Welcome back, future Docker master! So far, we’ve learned how to build, run, and orchestrate our applications with Docker. But what happens when things go wrong? How do you know if your application is performing well or even running at all? This is where monitoring, logging, and health checks come into play.

In this chapter, we’re going to dive into these crucial aspects of running applications in production. You’ll learn how to peek inside your containers, understand what they’re doing, and ensure they’re always in tip-top shape. We’ll cover Docker’s built-in tools for logs and resource monitoring, and how to implement robust health checks to keep your services reliable. Get ready to add some serious diagnostic power to your Docker toolkit!

This chapter assumes you’re comfortable with running Docker containers, building images with Dockerfiles, and orchestrating multi-service applications using docker-compose from previous chapters. If you need a refresher, feel free to revisit those sections!

Core Concepts: Your Container’s Vital Signs

Before we start typing commands, let’s understand why these concepts are so important and what they actually mean in the world of Docker.

What is Logging?

Imagine your application is a person working diligently. Logs are like that person’s diary, recording every significant action, decision, and hiccup throughout their day. When something goes wrong, you can read the diary to understand what happened, when it happened, and why.

In Docker, logs are the standard output (stdout) and standard error (stderr) streams of your running container. Any message your application prints to the console, whether it’s an informational message, a warning, or an error, gets captured by Docker.

Why are logs important?

Debugging: When your application crashes or misbehaves, logs are your first line of defense to pinpoint the problem.
Auditing: They can provide a historical record of events, useful for security or compliance.
Performance Analysis: You can log performance metrics or request times to identify bottlenecks.

Docker’s default logging mechanism, the json-file driver, stores these logs in JSON format on the host machine. While simple, for production, you often want more sophisticated solutions that centralize logs from many containers. We’ll touch on how to configure these.

What is Monitoring?

If logs are the diary, monitoring is like taking your application’s pulse, checking its temperature, and measuring its energy levels in real-time. It’s about observing the system’s performance and resource usage.

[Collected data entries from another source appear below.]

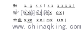 ,然后请之前的木鱼组尝试敲出这个节奏,这次要求比较简单,只需要他们能连续、整齐的演奏该节奏型,而其他学生则扮演老鼠成亲场面的观众,来表现拜堂成亲时的热闹场面。这个环节进行之后,有学生主动提出:固定的节奏型可以通过力度、速度的变化让它富有层次感,因此教师趁热打铁,请个别学生大胆尝试与表现,木鱼组的同学分别用中速和快速、强力度和弱力度演奏了这个节奏型。这个教学探索学生能从中体会:简单的节奏通过音乐要素(速度、力度)的变化对于场景表现具有推动作用,还能提升音乐表现能力与创造力,更能真切地感受到中国民族音乐文化的魅力。
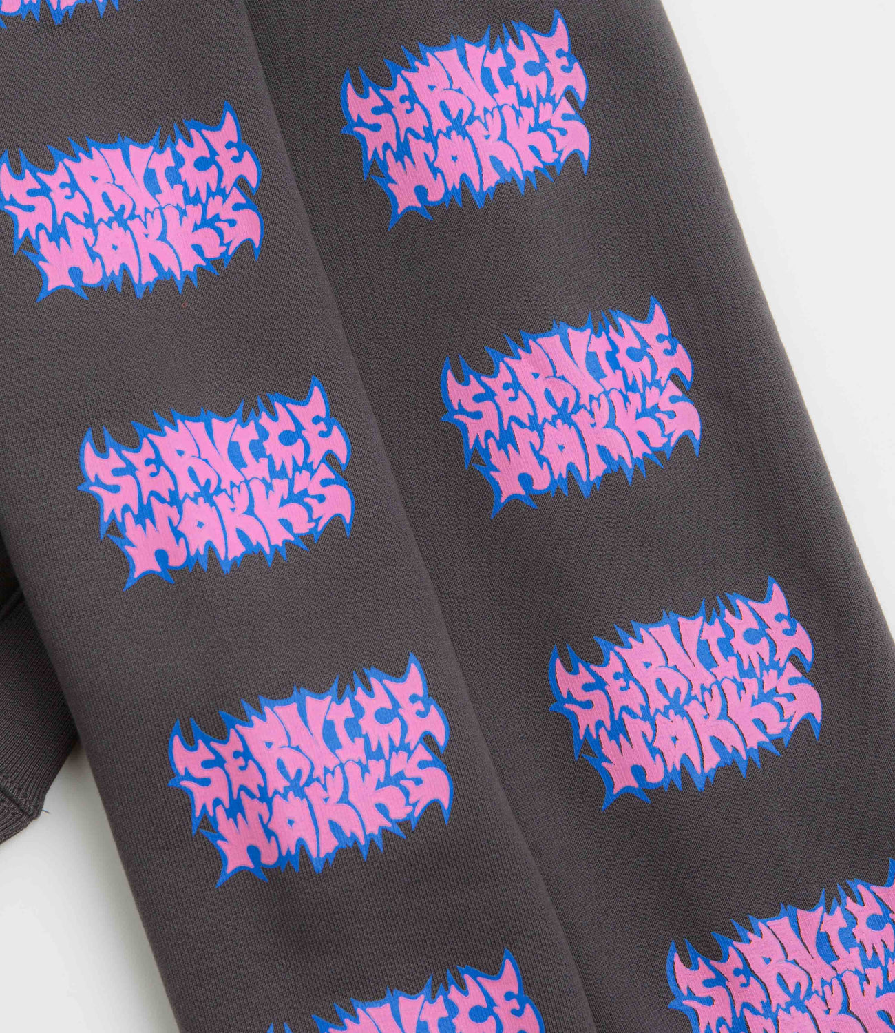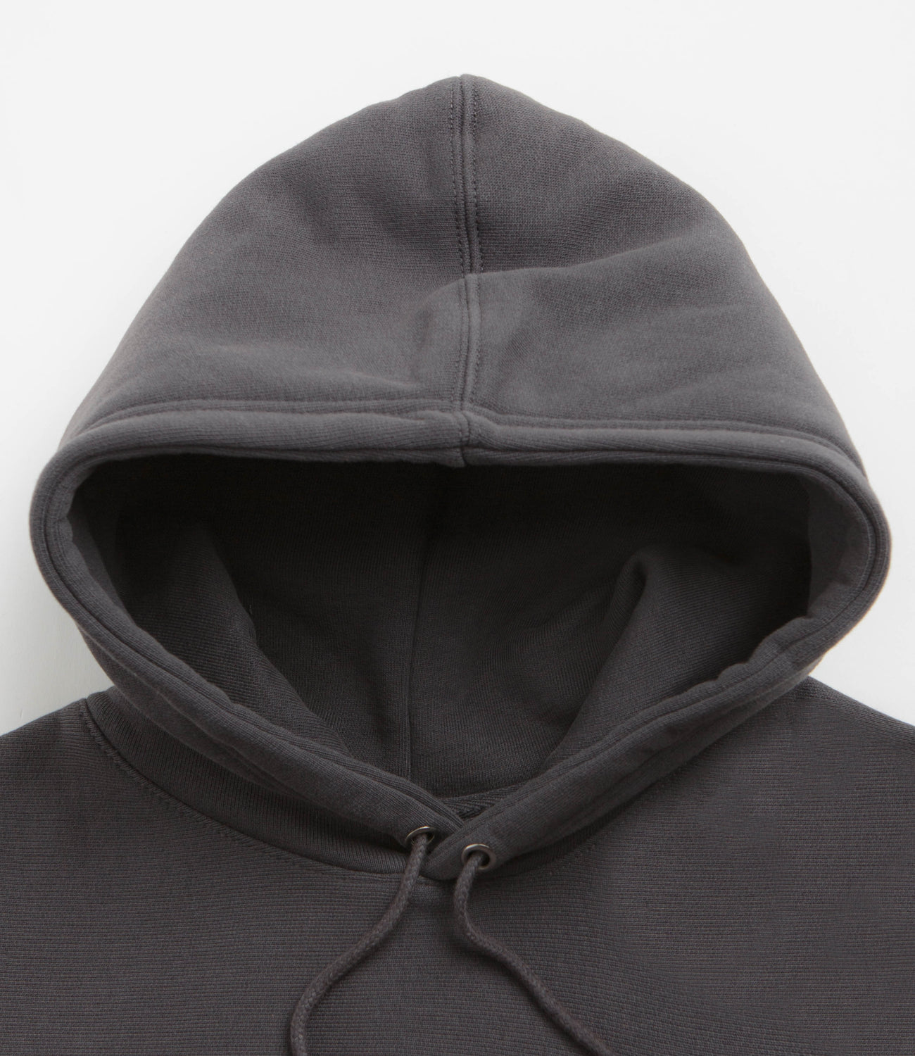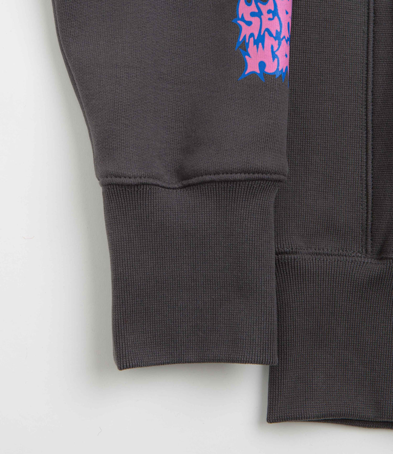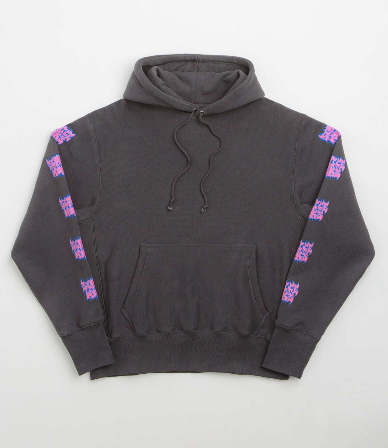 Service Works Thrash Hoodie in Asphalt. Regular fitting, this Service Works hoodie is made from 100% organic cotton with an adjustable drawstring hood. Featuring a garment dye, a kangaroo front pocket and ribbed cuffs, this black grey Service Works hoodie is finished with hand screen printed sleeve graphics.
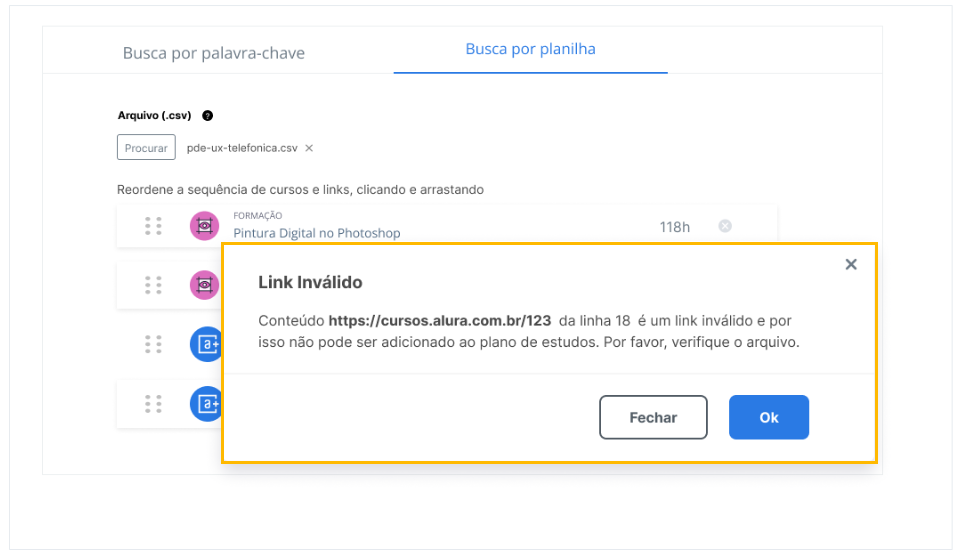 Também é possível incluir esses conteúdos em lote por meio de uma planilha no formato .csv. Esta terá uma única coluna e cada linha terá um link de conteúdo interno da Alura. É possível baixar um modelo do arquivo diretamente na página.
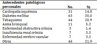 Igualmente, en el estudio sobresalieron las amas de casa (20,5 %), los jubilados (41,9 %) y los mestizos (45,7 %). Por otra parte, en la tabla 2 se aprecia que la diabetes mellitus fue la enfermedad asociada más frecuente (30,0 %), seguida por el tabaquismo (20,9 %).

Why is monitoring important?

Resource Management: See if your container is using too much CPU or memory, which could indicate a problem or a need for more resources.
Performance Insights: Track response times, error rates, and other metrics to ensure your application is meeting its performance goals.
Proactive Issue Detection: Spot trends or anomalies before they turn into full-blown outages.

Docker provides a basic built-in monitoring tool (docker stats), but for comprehensive production monitoring, you’d typically integrate with external solutions like Prometheus and Grafana, which collect, store, and visualize metrics from all your services.

What are Health Checks?

Think of a health check as a quick, automated check-up for your container. Instead of just knowing if the container process is running, a health check tells you if the application inside the container is actually ready to serve requests and functioning correctly.

For example, a web server container might be running, but its database connection could be down, making it unable to serve pages. A simple process check wouldn’t catch this, but a health check that tries to access a specific endpoint would.

Why are health checks important?

Reliability: Prevents traffic from being routed to an unhealthy container, ensuring users only interact with fully functional instances.
Orchestration Integration: Tools like Docker Compose, Docker Swarm, and Kubernetes use health checks to determine when to restart containers or remove unhealthy ones from a load balancer.
Faster Recovery: Helps automated systems quickly detect and recover from application-level failures.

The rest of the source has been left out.